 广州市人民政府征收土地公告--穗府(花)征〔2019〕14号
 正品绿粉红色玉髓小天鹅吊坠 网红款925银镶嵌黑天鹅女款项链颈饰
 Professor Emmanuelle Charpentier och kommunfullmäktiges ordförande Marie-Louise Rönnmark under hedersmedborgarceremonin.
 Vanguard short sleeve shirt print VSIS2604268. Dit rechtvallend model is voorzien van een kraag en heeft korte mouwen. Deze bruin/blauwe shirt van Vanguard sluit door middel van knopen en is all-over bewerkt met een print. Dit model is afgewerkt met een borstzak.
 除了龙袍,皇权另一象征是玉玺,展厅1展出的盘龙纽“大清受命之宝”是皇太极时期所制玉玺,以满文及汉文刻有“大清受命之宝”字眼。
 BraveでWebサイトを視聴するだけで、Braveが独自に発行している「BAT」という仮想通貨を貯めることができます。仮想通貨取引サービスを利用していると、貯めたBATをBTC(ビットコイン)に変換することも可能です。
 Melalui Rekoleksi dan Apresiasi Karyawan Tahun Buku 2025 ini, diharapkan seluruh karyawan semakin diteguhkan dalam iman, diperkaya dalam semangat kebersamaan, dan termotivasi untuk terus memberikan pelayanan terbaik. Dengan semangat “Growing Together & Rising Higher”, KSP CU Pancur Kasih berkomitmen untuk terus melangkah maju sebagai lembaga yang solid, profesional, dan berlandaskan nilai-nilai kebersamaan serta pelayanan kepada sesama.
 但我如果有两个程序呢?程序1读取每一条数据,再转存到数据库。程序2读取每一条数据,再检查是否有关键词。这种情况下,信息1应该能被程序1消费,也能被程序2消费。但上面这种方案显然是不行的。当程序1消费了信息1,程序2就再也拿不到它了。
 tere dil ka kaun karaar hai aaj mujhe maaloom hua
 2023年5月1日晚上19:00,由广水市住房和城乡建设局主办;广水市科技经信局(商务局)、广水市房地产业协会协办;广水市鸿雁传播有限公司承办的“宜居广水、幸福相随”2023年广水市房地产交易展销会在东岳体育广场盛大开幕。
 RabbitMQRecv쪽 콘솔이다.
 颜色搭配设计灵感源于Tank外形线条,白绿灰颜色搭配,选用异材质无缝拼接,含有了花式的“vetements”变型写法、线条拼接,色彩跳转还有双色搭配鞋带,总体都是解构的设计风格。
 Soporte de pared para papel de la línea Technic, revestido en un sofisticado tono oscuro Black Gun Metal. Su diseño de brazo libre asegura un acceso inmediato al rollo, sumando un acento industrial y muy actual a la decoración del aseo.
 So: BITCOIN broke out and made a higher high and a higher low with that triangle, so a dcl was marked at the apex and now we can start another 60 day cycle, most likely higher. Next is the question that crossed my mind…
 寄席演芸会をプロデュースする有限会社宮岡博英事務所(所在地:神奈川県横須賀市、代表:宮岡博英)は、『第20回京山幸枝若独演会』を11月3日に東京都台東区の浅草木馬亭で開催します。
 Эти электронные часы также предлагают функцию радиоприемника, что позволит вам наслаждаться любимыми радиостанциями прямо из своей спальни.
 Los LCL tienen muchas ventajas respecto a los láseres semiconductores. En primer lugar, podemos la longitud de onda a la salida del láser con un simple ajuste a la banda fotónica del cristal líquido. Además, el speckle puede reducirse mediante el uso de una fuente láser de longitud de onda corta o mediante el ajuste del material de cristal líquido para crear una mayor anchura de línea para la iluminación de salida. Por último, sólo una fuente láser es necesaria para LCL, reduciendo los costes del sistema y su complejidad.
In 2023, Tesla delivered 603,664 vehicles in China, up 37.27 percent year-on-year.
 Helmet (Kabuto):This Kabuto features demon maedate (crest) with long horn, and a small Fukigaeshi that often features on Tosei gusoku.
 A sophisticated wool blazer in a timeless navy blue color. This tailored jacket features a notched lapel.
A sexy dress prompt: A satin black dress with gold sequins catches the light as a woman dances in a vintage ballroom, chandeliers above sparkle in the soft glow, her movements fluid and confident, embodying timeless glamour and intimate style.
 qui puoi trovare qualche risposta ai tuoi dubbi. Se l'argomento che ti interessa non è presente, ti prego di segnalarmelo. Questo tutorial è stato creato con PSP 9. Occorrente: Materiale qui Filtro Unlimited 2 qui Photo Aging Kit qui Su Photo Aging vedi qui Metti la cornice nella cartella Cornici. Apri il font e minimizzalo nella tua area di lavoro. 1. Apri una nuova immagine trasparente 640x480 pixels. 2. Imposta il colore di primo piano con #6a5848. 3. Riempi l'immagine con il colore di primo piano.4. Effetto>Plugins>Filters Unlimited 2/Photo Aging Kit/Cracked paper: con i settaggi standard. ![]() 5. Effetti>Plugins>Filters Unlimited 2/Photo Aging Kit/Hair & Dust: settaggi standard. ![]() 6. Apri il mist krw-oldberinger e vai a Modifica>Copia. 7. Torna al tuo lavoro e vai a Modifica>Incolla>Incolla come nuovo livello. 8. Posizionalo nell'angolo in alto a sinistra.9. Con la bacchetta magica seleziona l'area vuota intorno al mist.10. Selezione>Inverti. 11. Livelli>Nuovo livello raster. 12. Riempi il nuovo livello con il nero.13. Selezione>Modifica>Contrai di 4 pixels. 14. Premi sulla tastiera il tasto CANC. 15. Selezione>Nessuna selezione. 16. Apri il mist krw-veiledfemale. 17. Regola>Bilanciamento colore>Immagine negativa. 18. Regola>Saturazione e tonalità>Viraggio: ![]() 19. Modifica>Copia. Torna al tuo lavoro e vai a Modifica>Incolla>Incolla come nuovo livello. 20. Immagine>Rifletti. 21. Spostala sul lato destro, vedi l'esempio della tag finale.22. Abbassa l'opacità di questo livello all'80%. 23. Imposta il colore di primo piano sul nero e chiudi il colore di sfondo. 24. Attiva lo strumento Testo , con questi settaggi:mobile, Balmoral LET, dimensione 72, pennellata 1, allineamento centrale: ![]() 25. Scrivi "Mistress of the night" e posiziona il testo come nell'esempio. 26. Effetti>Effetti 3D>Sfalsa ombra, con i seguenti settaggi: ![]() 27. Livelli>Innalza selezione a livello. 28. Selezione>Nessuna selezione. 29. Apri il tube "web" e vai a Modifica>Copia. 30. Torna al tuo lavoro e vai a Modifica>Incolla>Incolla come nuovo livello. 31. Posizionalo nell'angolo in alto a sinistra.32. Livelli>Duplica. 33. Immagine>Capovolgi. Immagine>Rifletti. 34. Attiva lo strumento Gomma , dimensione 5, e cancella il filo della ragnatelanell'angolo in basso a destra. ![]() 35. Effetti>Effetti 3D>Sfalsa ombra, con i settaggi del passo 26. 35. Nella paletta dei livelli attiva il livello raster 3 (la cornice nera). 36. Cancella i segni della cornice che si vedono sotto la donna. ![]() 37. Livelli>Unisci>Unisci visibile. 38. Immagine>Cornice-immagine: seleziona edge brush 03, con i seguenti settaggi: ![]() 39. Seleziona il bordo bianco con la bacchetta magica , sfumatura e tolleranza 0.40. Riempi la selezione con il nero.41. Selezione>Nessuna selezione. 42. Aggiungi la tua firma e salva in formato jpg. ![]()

• [Required work]
Check each line of the material for the word "that", then say how many have it. Give the number only.

• [Reply to the task]
2